§ **What the task asks**: From the listing below, reproduce exactly the lines starting with the one with "河南省开封市2023.12高三年级第一次模拟考试物理" and going on through the one with "- Das Goobay", both ends kept. No picture is copied.

§ **Task inputs**:
○ ○ ○

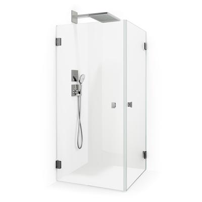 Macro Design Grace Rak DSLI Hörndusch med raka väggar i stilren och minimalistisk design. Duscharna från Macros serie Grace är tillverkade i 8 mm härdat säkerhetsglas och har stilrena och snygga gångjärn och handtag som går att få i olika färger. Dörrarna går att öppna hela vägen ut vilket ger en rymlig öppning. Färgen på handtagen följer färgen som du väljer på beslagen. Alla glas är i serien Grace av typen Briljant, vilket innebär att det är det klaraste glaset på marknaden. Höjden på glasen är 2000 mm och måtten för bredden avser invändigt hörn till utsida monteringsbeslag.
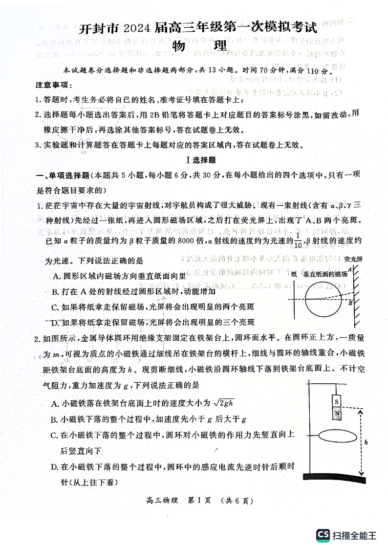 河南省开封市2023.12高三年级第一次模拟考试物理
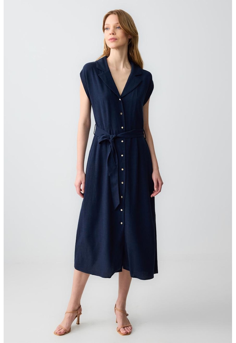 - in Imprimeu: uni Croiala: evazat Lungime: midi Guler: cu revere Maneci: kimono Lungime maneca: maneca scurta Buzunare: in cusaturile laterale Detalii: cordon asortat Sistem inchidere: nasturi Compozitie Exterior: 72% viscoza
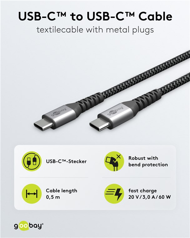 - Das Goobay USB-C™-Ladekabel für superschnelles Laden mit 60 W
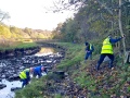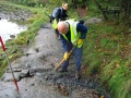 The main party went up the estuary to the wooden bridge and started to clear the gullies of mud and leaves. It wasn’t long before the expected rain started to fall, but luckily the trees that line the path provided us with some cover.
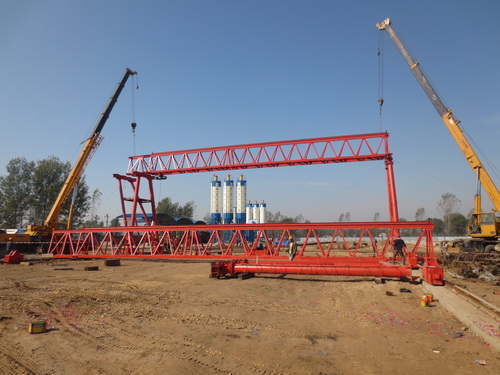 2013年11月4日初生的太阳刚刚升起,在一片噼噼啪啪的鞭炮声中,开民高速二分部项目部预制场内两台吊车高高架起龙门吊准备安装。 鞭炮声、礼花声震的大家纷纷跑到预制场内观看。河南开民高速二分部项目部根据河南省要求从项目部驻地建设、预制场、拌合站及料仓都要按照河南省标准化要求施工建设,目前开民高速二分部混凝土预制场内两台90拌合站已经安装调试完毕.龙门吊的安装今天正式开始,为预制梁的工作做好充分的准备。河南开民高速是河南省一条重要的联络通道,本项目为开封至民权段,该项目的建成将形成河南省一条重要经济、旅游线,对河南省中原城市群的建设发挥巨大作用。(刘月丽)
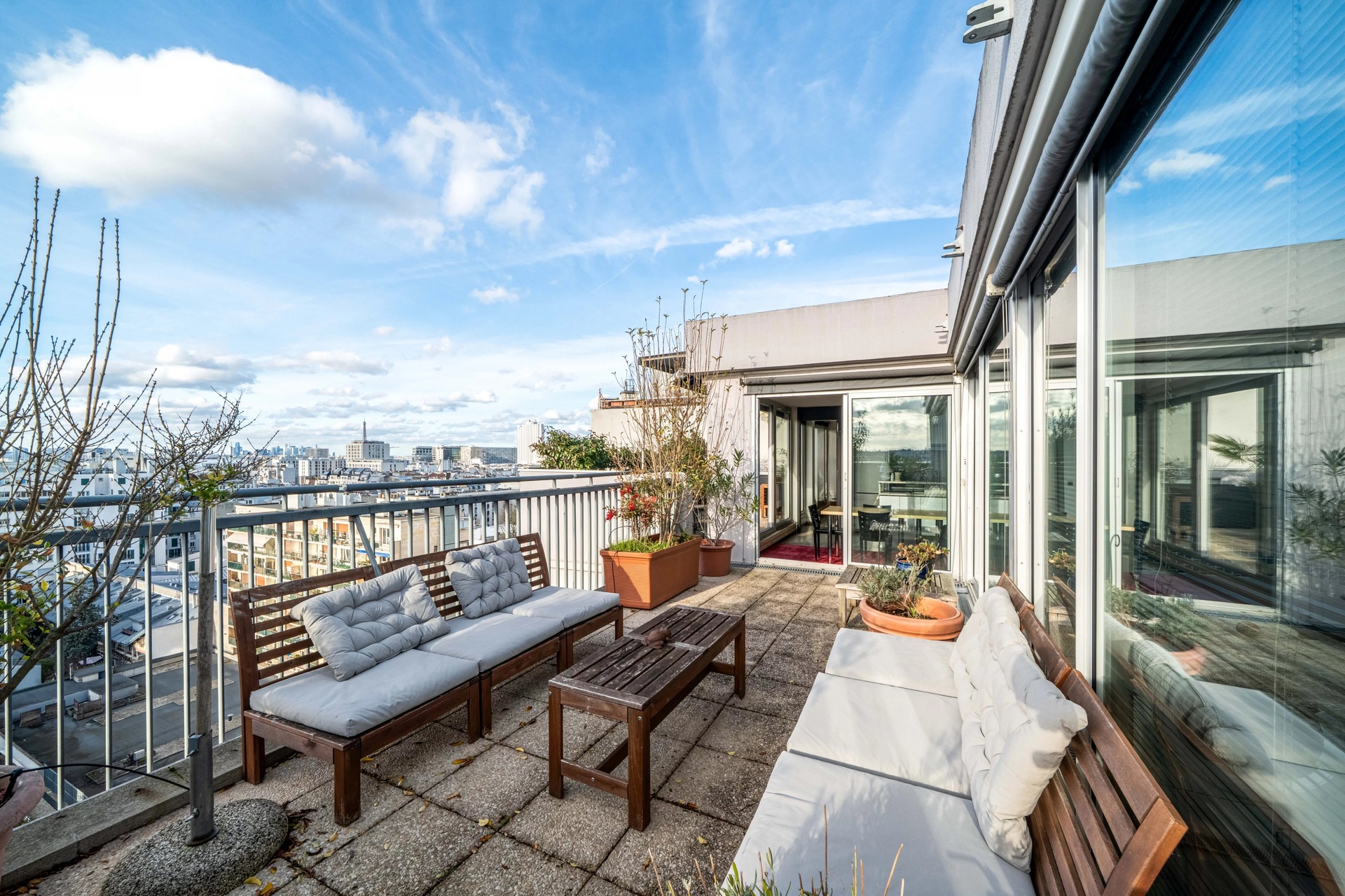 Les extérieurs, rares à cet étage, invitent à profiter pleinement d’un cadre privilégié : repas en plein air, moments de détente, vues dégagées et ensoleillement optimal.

○ ○ ○

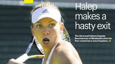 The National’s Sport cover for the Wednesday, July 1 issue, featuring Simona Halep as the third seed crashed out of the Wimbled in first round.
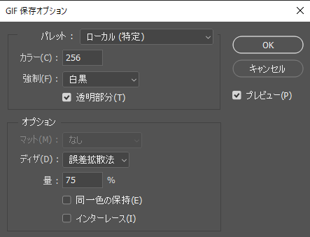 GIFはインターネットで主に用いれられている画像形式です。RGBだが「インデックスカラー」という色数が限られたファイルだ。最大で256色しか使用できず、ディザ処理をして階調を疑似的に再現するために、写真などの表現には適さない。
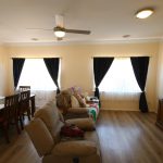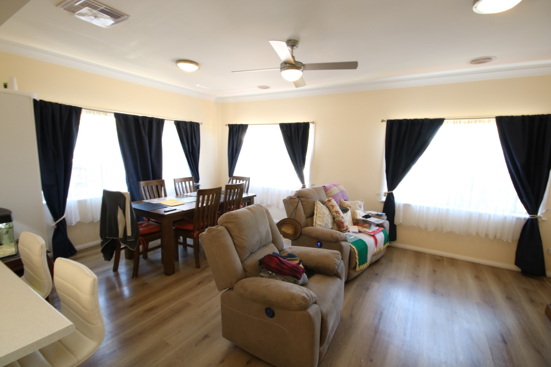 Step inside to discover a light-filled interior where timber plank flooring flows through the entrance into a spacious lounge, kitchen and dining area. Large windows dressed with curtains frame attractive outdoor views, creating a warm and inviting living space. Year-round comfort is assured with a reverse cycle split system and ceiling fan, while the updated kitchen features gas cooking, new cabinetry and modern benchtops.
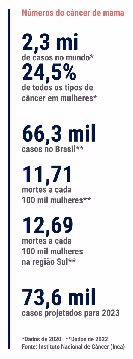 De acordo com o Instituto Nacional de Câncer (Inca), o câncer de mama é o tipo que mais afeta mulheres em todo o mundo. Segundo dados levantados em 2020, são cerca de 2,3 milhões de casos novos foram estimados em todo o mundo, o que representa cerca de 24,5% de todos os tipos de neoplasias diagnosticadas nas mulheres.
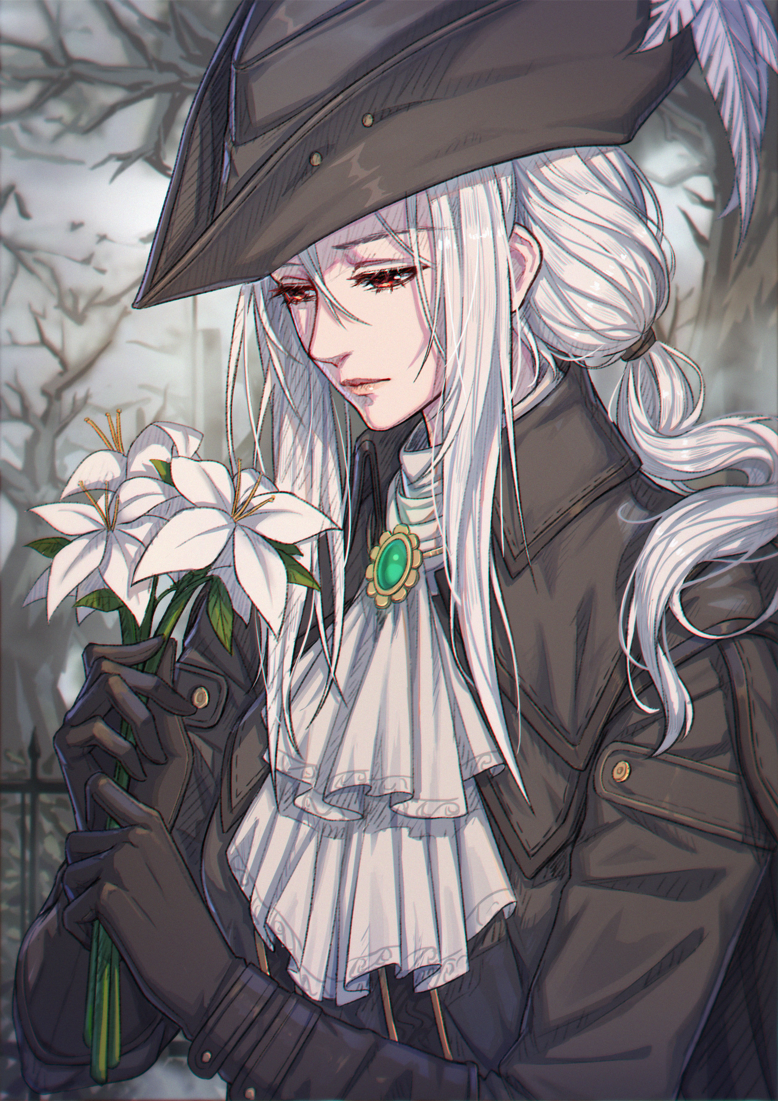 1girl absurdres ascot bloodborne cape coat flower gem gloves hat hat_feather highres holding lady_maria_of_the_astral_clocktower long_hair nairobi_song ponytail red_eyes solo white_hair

○ ○ ○

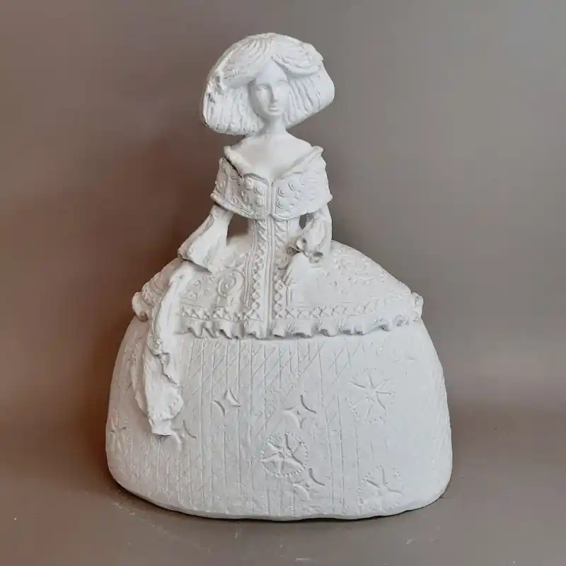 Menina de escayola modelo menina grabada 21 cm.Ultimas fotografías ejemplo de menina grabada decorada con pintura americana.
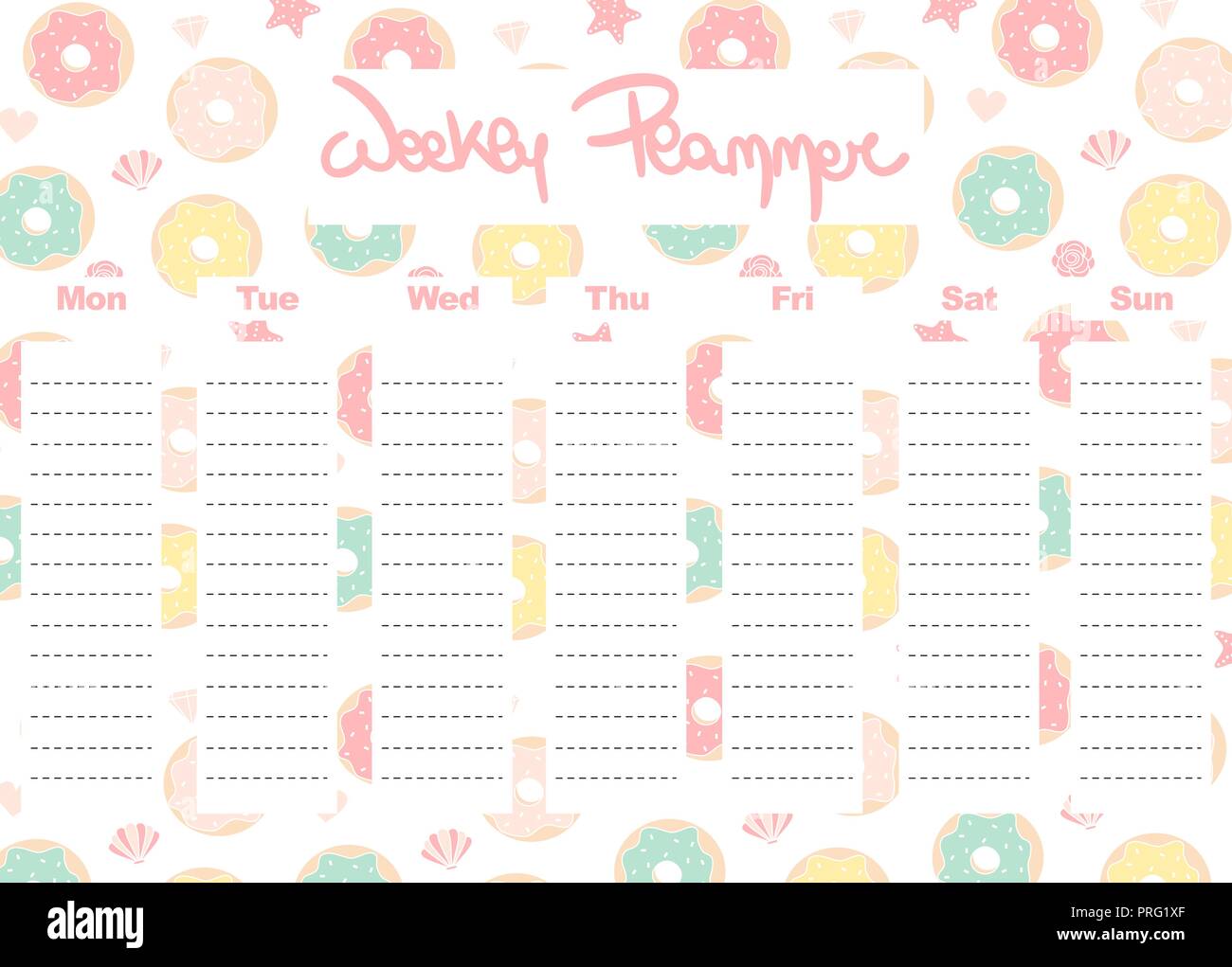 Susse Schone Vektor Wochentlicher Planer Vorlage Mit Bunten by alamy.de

○ ○ ○

§ **Answer space**:
 河南省开封市2023.12高三年级第一次模拟考试物理
 - in Imprimeu: uni Croiala: evazat Lungime: midi Guler: cu revere Maneci: kimono Lungime maneca: maneca scurta Buzunare: in cusaturile laterale Detalii: cordon asortat Sistem inchidere: nasturi Compozitie Exterior: 72% viscoza
 - Das Goobay USB-C™-Ladekabel für superschnelles Laden mit 60 W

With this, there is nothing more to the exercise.